The only other basis for standing offered by the plaintiffs is that the law compelled AMOS to divert limited resources to address the issue of late-jailed electors, but the plaintiffs have not supported this argument with specific facts apart from the two evidentiary showings.1Lujan teaches that “mere allegations” are insufficient to establish jurisdiction; at summary judgment, plaintiffs must set forth “specific facts.” 504 U.S. at 561, 112 S.Ct. 2130. If such specific facts are in the record, the plaintiffs have not pointed them out on appeal. Instead, plaintiffs rest on the conclusions reached by the district court, content to quote broadly from the district court's denial of a temporary restraining order and grant of summary judgment. These conclusions, taken separately or together, do not amount to a diversion of resources and do not constitute Article III injuries.
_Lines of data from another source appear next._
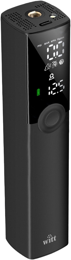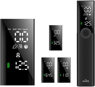 Witt Compact cykelpump MP102279 är ett lätt, USB-C uppladdningsbart verktyg utformat för enkel användning med en hand. Den fungerar med flera olika ventiltyper, har digital tryckmätare, LED-lampa och automatisk avstängning, vilket gör den till ett praktiskt val för pumpning av däck, bollar och andra uppblåsbara föremål.
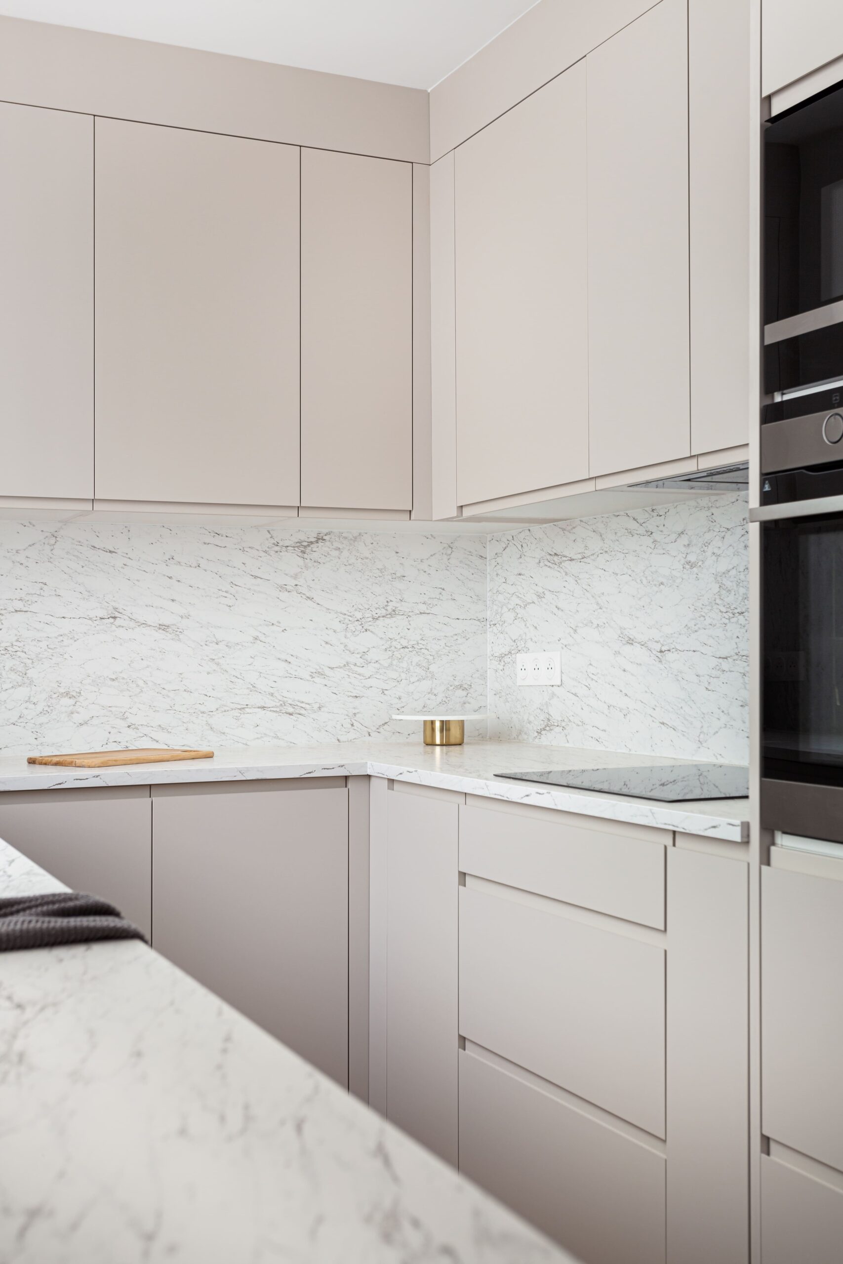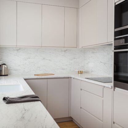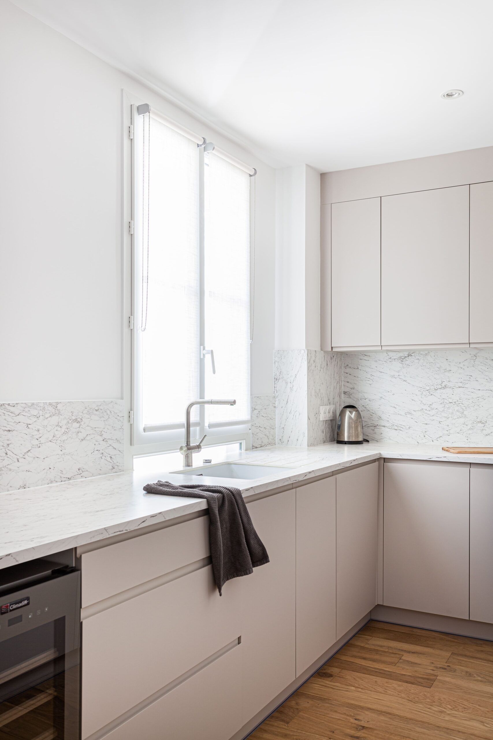 La belle cuisine, c’est une Little Worker biensûr ! Il s’agit de la gamme Opale avec ses façades couleur amande et un plan de travail compact marbré blanc.
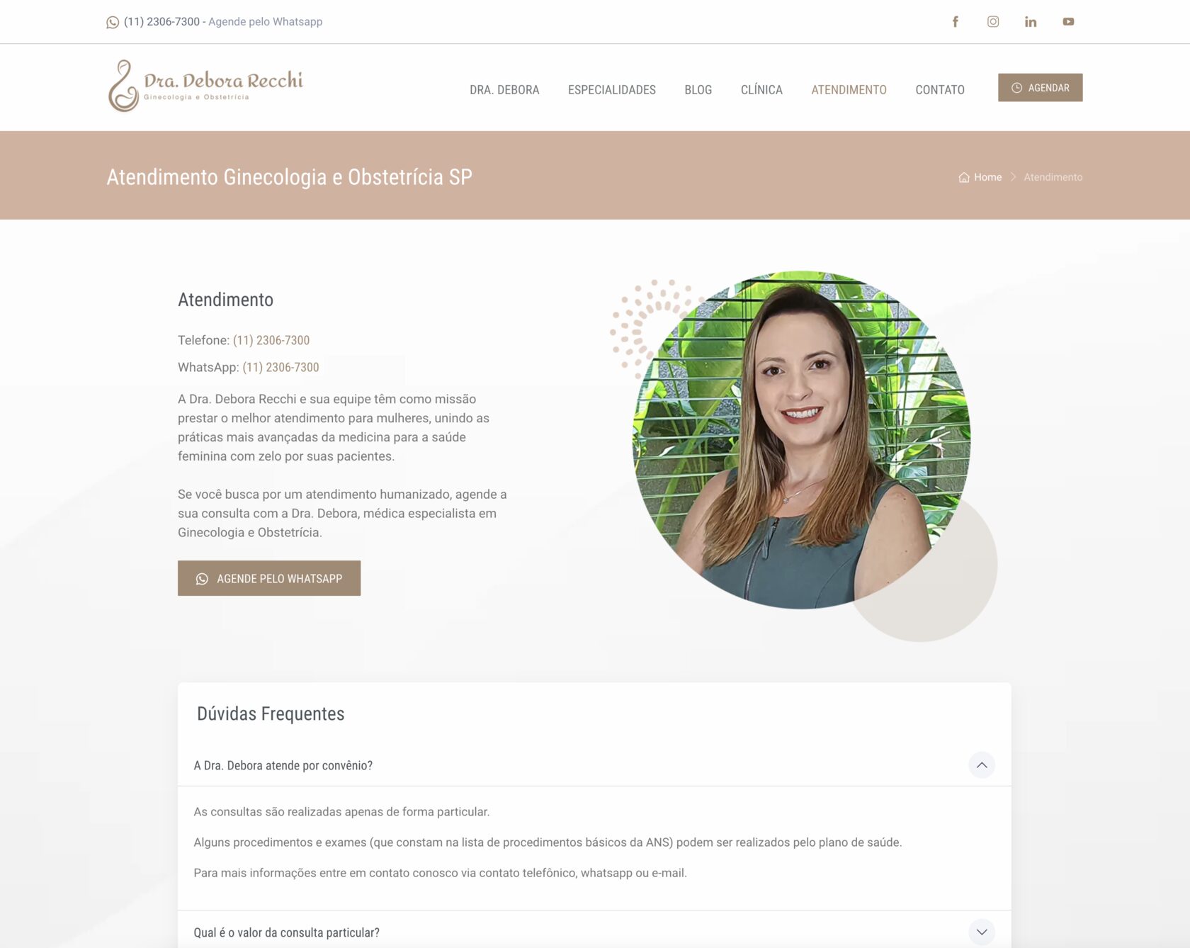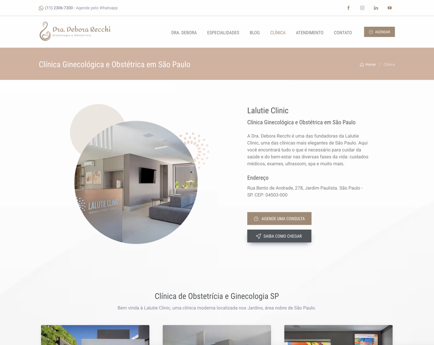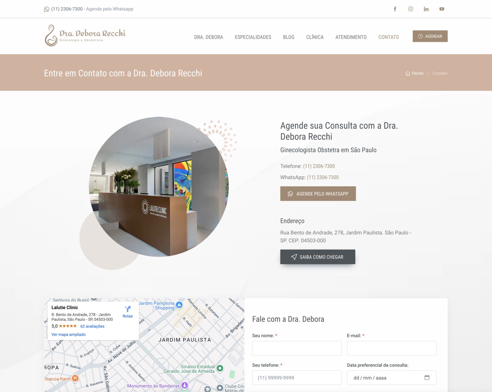 A página da clínica ganhou um espaço especial no novo site. Ali, mostramos não apenas a estrutura física do atendimento, mas também criamos uma experiência digital que espelha o acolhimento que a paciente encontrará presencialmente. A integração com o Google Maps facilita o acesso, enquanto a organização intuitiva do site permite que a navegação seja simples, confortável e fluida. Na página de atendimento, explicamos com transparência como funciona o trabalho da Dra. Debora, com informações importantes sobre convênios e formas de marcação de consultas. Já na área de contato, desenvolvemos um formulário para facilitar a comunicação direta com a equipe, permitindo que as pacientes enviem dúvidas, pedidos de agendamento ou mensagens com poucos cliques, de forma prática e segura.

At bottom the Article III standing limitation prevents a plaintiff from bringing a federal suit to resolve an issue of public policy if success does not give the plaintiff (or one of an associational plaintiff's members) some relief other than the satisfaction of making the government comply with the law. The relief need not be monetary, of course. It may for instance be aesthetic, or informational. If a voter can get to the polls more easily by winning the lawsuit, or a political party can marshal its forces more effectively by winning its lawsuit, that ought to be enough for Article III. But if the armchair observer decides that the government is violating the law, and decides to stop it by suing, that is not enough. This limit would be eviscerated if an advisor or organization can be deemed to have Article III standing merely by virtue of its efforts and expense to advise others how to comport with the law, or by virtue of its efforts and expense to change the law. Plaintiffs in this case have demonstrated no more than this.